On my website, will be a place for people to create accounts. It will ask a variety of information, including a username. How do i get it to save all the information in a new file, with there username as the file name. ie.. if their username is "User" then make the file user.txt or user.dat or something to that effect...

Replies are listed 'Best First'.
Re: File Naming
by jlp (Friar) on Aug 01, 2000 at 05:39 UTC
    This should do the job:
    my $user = "User"; open(USER, ">$user.txt") || die "Can't create user file $user.txt: $!" +; print USER "foo";#user data goes here

    This assumes you have the proper write permissions on your server of course.

      Keep in mind that you may not want to store a "plain" password in that file. If you are going to have passwords in the file you may want to use the crypt function to encrypt the password before storing it in the file. You won't be able to decrypt it, but you'll be able to encrypt it after they enter their password and check it against the version in the text file.

      - p u n k k i d
      "Reality is merely an illusion, albeit a very persistent one." -Albert Einstein

Re: File Naming
by fundflow (Chaplain) on Aug 01, 2000 at 06:47 UTC
    If you want your web-site to stay up for more than a day,
    don't forget to check the given user name to exclude users like
    "/etc/passwd" etc.

Re: File Naming
by young perlhopper (Scribe) on Aug 01, 2000 at 07:50 UTC
    The key here is to never ever ever EVER trust user input. When you are programming CGI of any type you must look at every piece of input and say "what's the worst possible thing that a user could enter into this field, and how would I deal with it?"
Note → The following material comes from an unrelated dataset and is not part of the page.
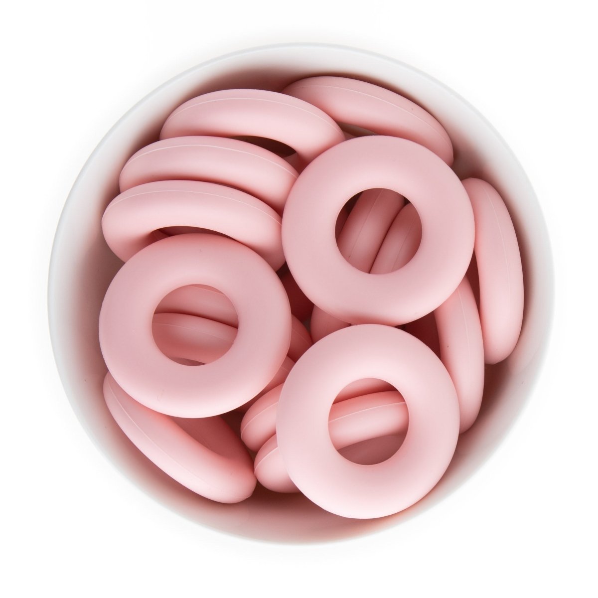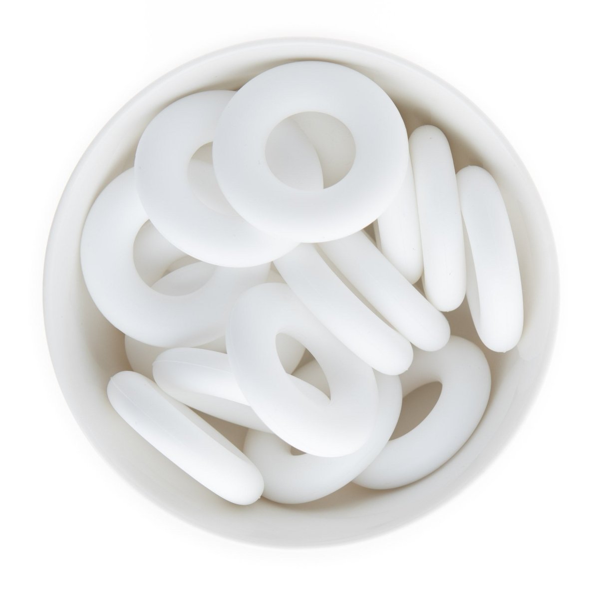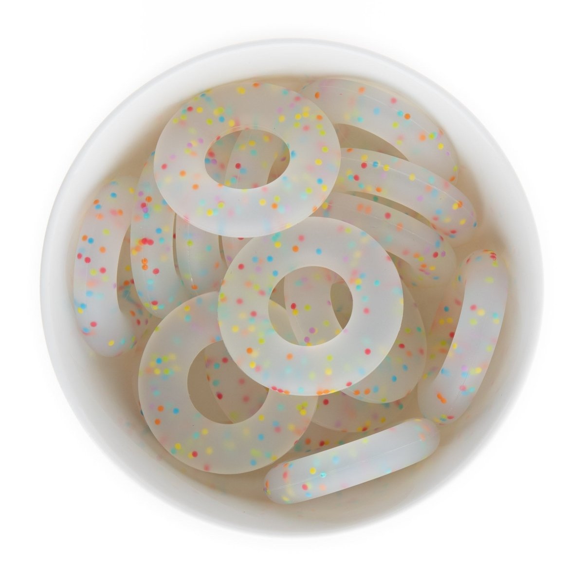 Silicone donut (doughnut) rings/pendants are 44mm in diameter and come in over 20+ colors including tie dye and confetti.

    In short, Program defensively.


Re: File Naming
by Mork29 (Scribe) on Aug 01, 2000 at 09:03 UTC
    Ok, my follow up question, how do i exclude only a single character from the username or password or any other fields. ie... don't let them put a / in the username?
      sub secure_query { $_ = shift; s/\-+(.*)/$1/g; s/(.*)[ \t]+\-(.*)/$1$2/g; tr/\$\'\`\"\<\>\/\;\!\|/_/; return($_); }#End secure_query
        This is probably a little simpler and a lot safer:
        $had_bad_characters = $user =~ s/\W//g; # Safer still (since what's defined as a 'word character' could change + based on locale/Unicode (?)) $user =~ s/[^a-zA-Z_-]//g; # Explicitely define what we want to ACCE +PT as valid
        Generally the secure approach involves defining what is acceptable and disallowing everything else, not trying to filter out what we know/anticipate to be bad, because stuff frequently slips through.
Re: File Naming
by Mork29 (Scribe) on Aug 01, 2000 at 07:05 UTC
    <writes the word newbie on his forhead> Explain why? Some type of exploit for "hackers" ??
      If you pass a string from a user directly to open, the person can run arbitray commands. The username ';rm nameofcgi.cgi;' for example will delete nameofcgi.cgi (on some platforms, anyways). Even if you prefix the filename with a directory, someone could use ../ to write to the directory of their choice, someone could use a \0 to prevent any appended string from being used in the filename (since the underlying C library will take the \0 to be end of string). In other words, you need to verify that the data the user has given you does not contain anything it shouldn't. You can use the -T switch (#!/usr/bin/perl -T) which will enable taint checking which will cause perl to stop when it encounters a potentially unsafe operation.